[[ Supplied data, beginning ]]

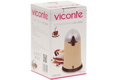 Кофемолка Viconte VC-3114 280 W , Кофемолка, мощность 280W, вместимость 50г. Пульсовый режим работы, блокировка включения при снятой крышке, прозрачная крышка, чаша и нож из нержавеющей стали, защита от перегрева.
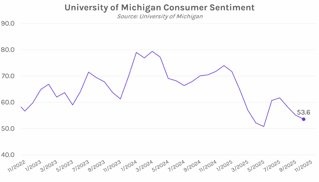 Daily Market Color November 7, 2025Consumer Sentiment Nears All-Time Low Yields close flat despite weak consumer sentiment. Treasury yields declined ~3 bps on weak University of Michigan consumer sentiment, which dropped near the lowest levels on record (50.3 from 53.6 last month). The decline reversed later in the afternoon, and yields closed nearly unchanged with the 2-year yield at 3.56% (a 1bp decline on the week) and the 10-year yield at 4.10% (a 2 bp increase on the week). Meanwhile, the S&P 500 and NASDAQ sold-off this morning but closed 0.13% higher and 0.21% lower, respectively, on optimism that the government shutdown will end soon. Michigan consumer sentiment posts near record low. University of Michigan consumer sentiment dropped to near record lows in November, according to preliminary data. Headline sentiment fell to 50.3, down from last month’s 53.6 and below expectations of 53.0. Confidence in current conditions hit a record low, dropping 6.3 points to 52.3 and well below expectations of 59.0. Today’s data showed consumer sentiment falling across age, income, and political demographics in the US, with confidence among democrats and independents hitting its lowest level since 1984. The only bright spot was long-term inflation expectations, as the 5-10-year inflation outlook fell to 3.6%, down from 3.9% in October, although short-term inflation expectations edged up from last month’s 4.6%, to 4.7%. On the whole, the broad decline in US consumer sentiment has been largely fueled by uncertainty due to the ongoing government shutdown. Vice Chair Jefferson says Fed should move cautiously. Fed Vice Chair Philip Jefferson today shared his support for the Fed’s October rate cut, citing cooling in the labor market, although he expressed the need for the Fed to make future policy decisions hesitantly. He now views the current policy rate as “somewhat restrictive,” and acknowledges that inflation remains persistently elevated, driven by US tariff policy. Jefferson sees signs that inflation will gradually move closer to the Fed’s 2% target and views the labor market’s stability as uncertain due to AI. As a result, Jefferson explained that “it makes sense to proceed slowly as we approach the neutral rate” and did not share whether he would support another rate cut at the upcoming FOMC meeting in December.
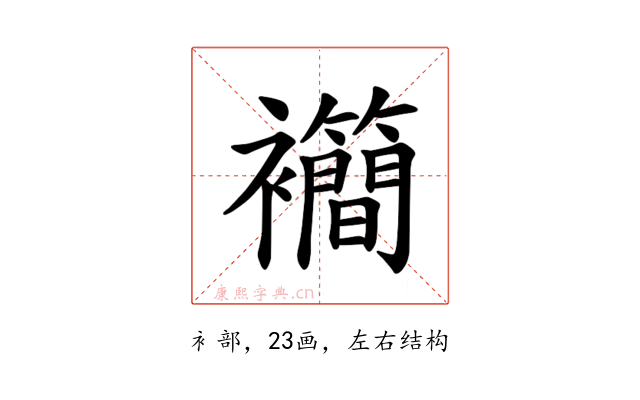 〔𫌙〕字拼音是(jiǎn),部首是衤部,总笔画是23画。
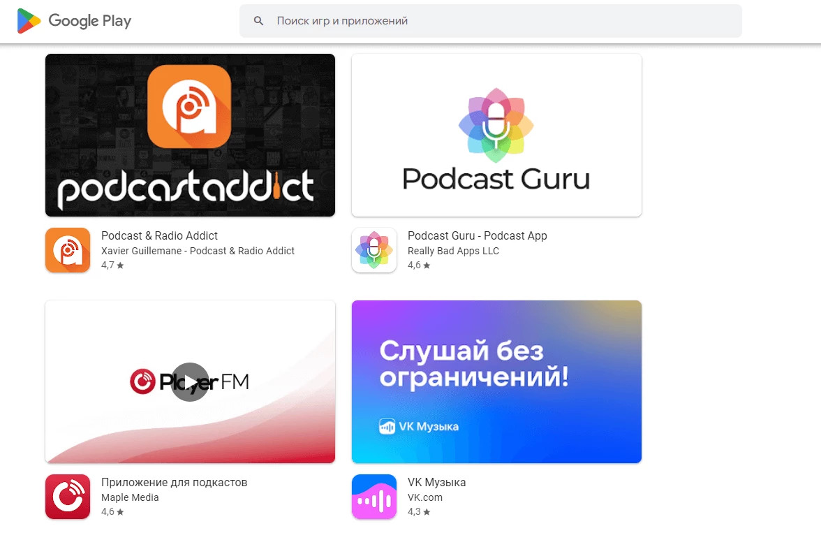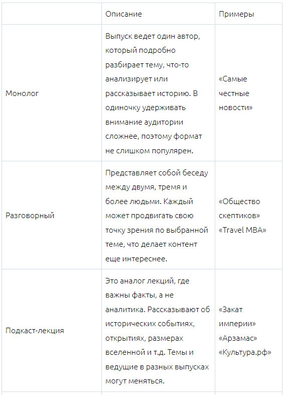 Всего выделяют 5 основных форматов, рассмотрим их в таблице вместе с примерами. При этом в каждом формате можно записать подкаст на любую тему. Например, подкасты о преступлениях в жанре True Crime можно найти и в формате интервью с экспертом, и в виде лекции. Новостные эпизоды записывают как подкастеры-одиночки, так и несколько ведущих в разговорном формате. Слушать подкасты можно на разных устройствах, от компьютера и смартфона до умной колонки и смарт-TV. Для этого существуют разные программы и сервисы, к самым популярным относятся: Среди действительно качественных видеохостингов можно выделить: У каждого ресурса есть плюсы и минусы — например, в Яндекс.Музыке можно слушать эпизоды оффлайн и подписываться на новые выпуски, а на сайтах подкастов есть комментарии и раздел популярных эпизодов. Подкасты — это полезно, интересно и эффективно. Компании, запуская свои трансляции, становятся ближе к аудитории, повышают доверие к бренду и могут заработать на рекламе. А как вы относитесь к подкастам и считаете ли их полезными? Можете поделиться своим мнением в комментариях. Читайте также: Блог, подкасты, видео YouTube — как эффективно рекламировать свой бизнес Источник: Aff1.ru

[[ Supplied data, end ]]
[[ Supplied data, beginning ]]

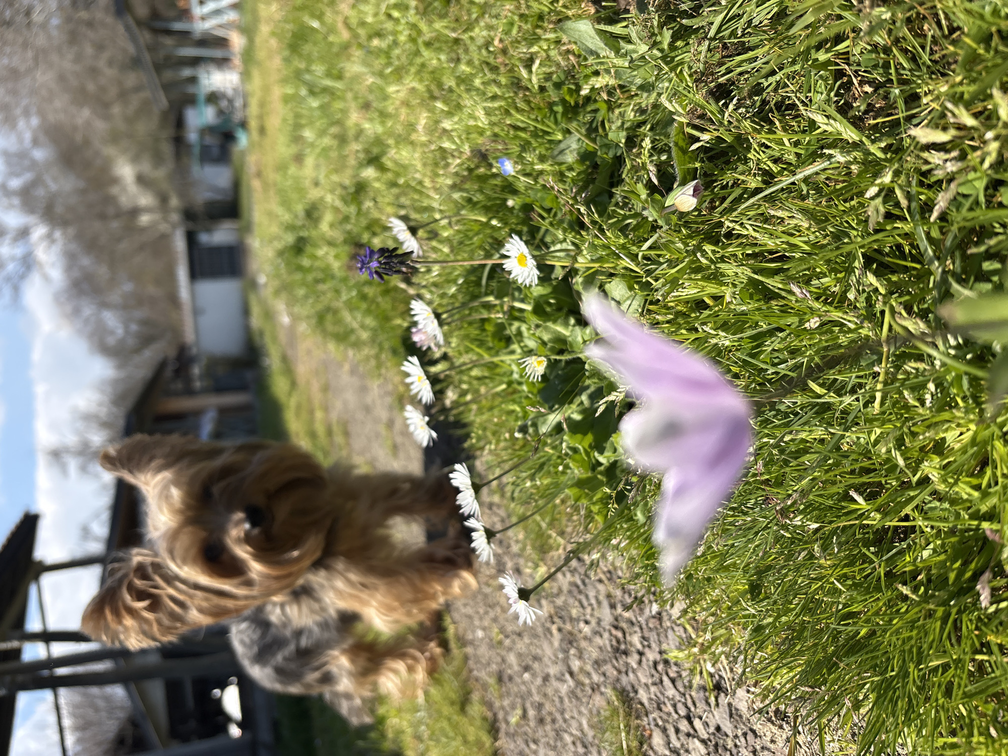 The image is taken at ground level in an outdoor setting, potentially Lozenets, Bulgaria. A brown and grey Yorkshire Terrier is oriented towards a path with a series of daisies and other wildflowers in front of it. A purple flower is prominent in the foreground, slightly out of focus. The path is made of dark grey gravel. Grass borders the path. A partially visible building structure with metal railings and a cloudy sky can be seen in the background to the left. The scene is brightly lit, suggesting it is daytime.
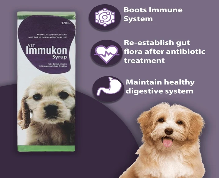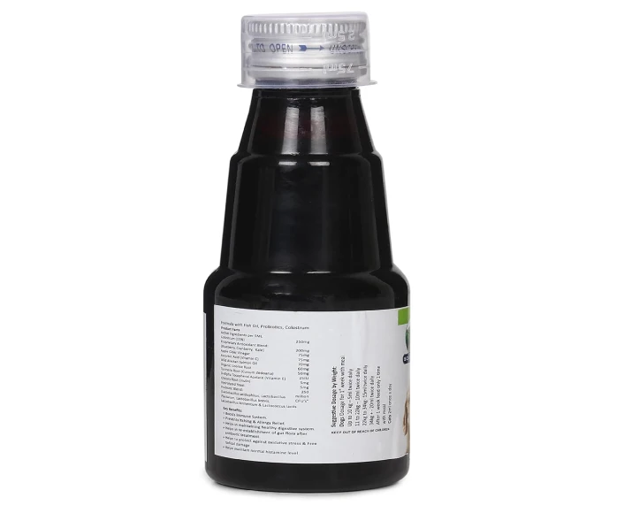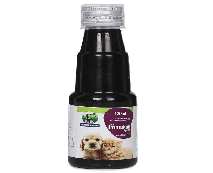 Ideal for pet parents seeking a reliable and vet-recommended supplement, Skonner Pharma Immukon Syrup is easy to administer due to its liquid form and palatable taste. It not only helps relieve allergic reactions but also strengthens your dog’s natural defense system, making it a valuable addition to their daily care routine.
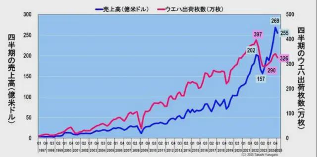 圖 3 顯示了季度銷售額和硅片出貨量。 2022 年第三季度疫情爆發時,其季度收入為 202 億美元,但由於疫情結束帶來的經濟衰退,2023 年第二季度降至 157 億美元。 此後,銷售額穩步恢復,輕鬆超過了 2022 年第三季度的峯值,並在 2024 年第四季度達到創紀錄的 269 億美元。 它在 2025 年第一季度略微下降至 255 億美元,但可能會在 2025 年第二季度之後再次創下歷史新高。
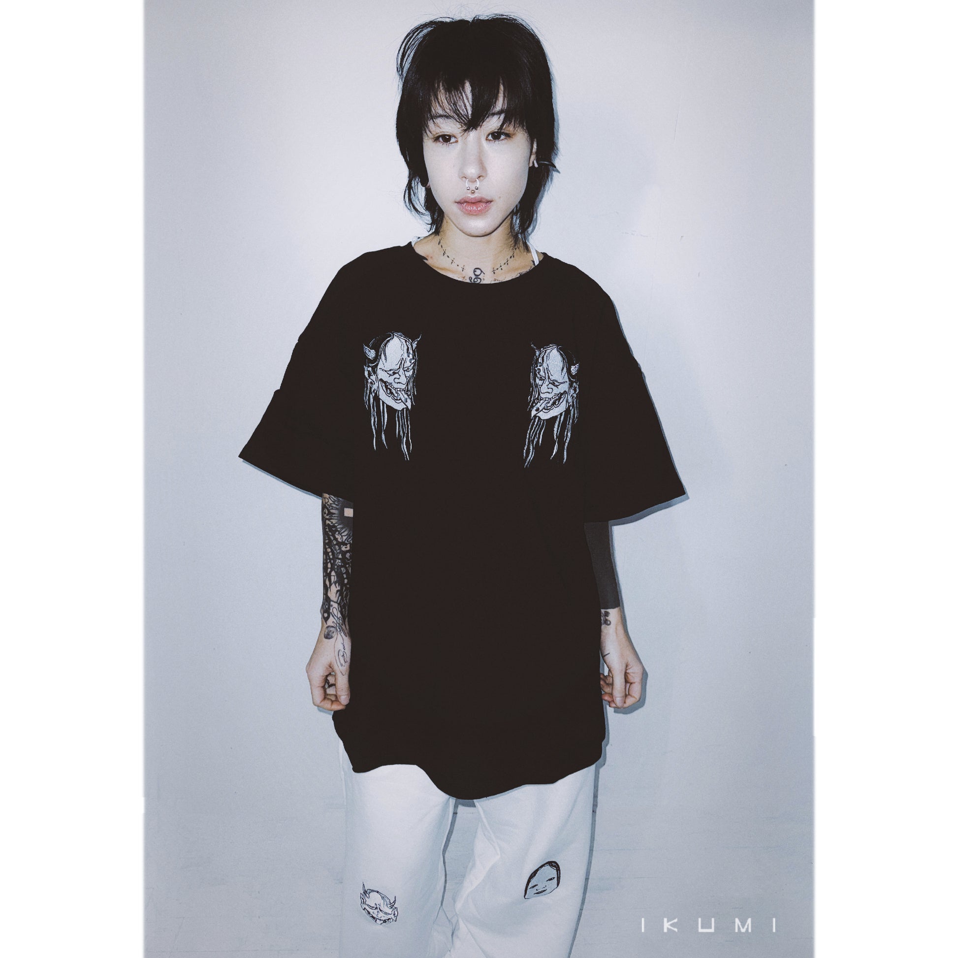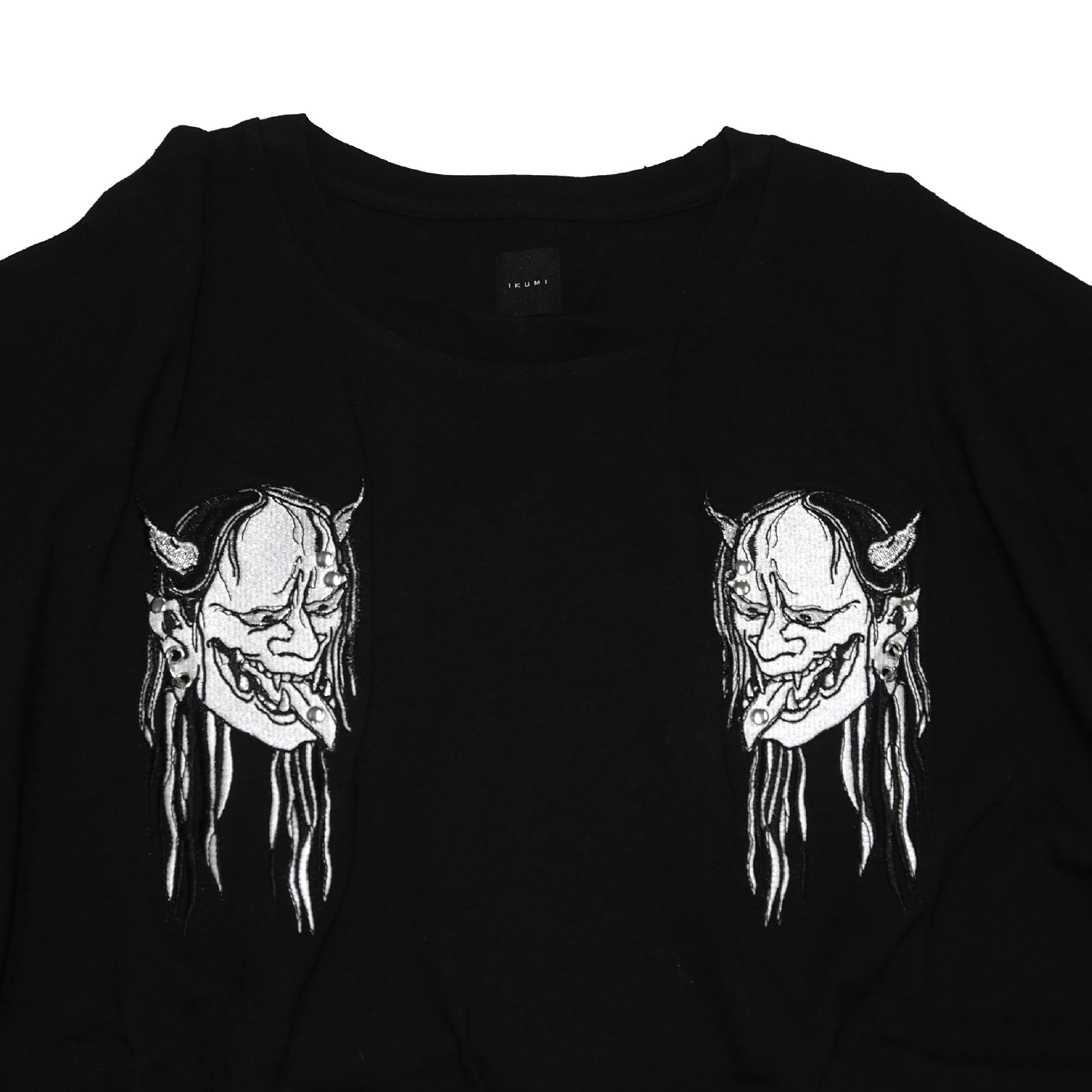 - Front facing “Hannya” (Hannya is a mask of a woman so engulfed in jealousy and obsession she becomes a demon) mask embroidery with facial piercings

[[ Supplied data, end ]]

* Your instructions *
The copy should hold only the lines from the one with "圖 3 顯示了季度銷售額和硅片出貨量。" through the one with "- Front facing", exactly as they stand above. Leave out the pictures.

* Written response *
 圖 3 顯示了季度銷售額和硅片出貨量。 2022 年第三季度疫情爆發時,其季度收入為 202 億美元,但由於疫情結束帶來的經濟衰退,2023 年第二季度降至 157 億美元。 此後,銷售額穩步恢復,輕鬆超過了 2022 年第三季度的峯值,並在 2024 年第四季度達到創紀錄的 269 億美元。 它在 2025 年第一季度略微下降至 255 億美元,但可能會在 2025 年第二季度之後再次創下歷史新高。
 - Front facing “Hannya” (Hannya is a mask of a woman so engulfed in jealousy and obsession she becomes a demon) mask embroidery with facial piercings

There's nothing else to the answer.